The serialize/from_serialized
parallel pair, converts directly from AiiDA's ORM to a JSON representation, and vice versa.
The main design decision is the choice to use pydantic
to define the entity models.
The reason is that this package has become the de-facto standard in the Python ecosystem for defining data schemas. As a result, it is battle-tested and has become very reliable. With the recent release of v2, the performance has also been improved significantly with a lot of the data wrangling now being offloaded to Rust instead of in Python. It also has widespread support in other tools that are often used in the Python community, such as FastAPI, as shown in the example use cases section.
A potential disadvantage would be that pydantic
would have to be added as a direct dependency.
However, pydantic
is already a direct dependency of aiida-core
so this AEP would not change anything in this regard.

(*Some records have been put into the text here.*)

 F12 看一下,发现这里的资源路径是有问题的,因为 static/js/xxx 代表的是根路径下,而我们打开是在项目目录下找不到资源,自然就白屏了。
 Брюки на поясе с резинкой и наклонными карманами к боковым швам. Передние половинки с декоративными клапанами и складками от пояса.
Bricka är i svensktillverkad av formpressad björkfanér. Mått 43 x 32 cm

A downside, or even shortcoming of the current user interface is the fact that the model adds an additional, somewhat independent representation layer.
That is to say, to use the validation of the model schema, one has to go explicitly through its constructor instead of constructing the ORM instance directly.

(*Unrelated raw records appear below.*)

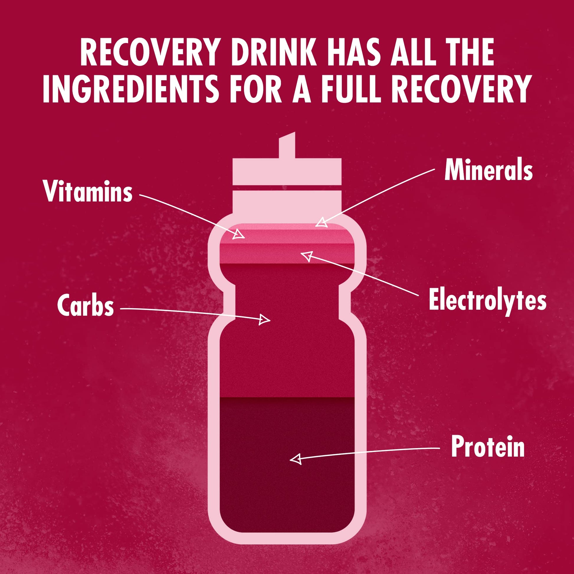 - Recovery Drink contains 20g protein, fast-release carbohydrates, electrolytes, vitamins and minerals in a great-tasting smooth milkshake drink
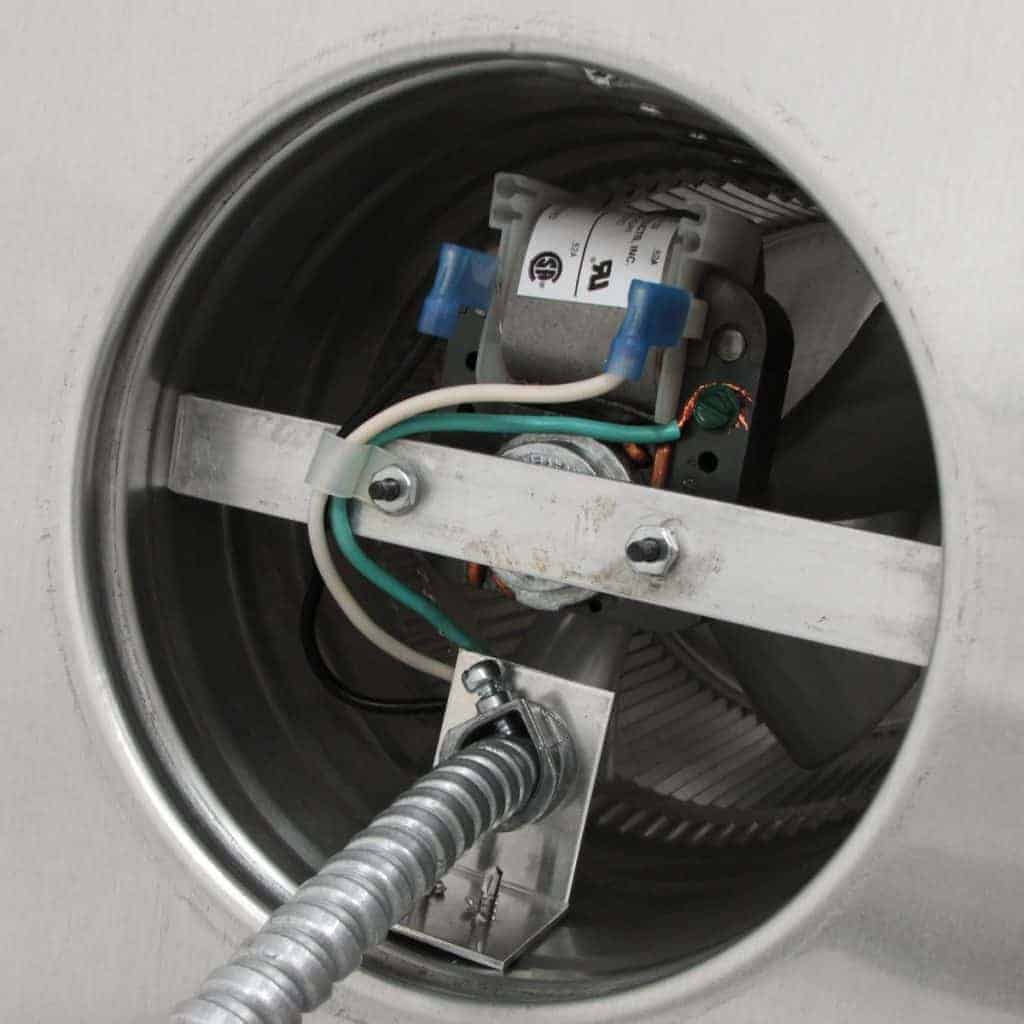 This attic fan exhausts air passively when the motor is off because of the Venturi Effect. When the wind blows against the outer louvers, this creates an upward draft, which allows air to flow freely out of the attic fan.
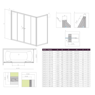 Шторка на ванну Radaway Vesta S 80x150, ткань, для бокового сегмента 204080-06. Закаленное безопасное стекло толщиной 5 мм. Стекло крепится к стене при помощи пристенных профилей с регулировкой. Антигрязевое покрытие стекла EasyClean. Цвет шторки-ткань (фабрик). Изображение и цвет на мониторе могут отличаться от оригинала. Комплектность:

This is somewhat alleviated by the Entity
base class implementing the from_serialized
method, that still provides a relatively terse alternative.
The reason is that the ORM interface is such an integral part of AiiDA's API that cannot be broken, and integrating the new model schema more tightly into the ORM interface, would almost certainly be backwards incompatible, which is not acceptable for this part of the API.
An alternative would be to use python-jsonschema.
While it would provide all the necessary functionality to implement the feature requirements, it would require more explicit implementation in aiida-core
as well as by plugin developers.
Pydantic has a cleaner and simpler interface by relying on Python's type annotation system.
The python-jsonschema
package also has less adoption in the Python community and so less support in other tools.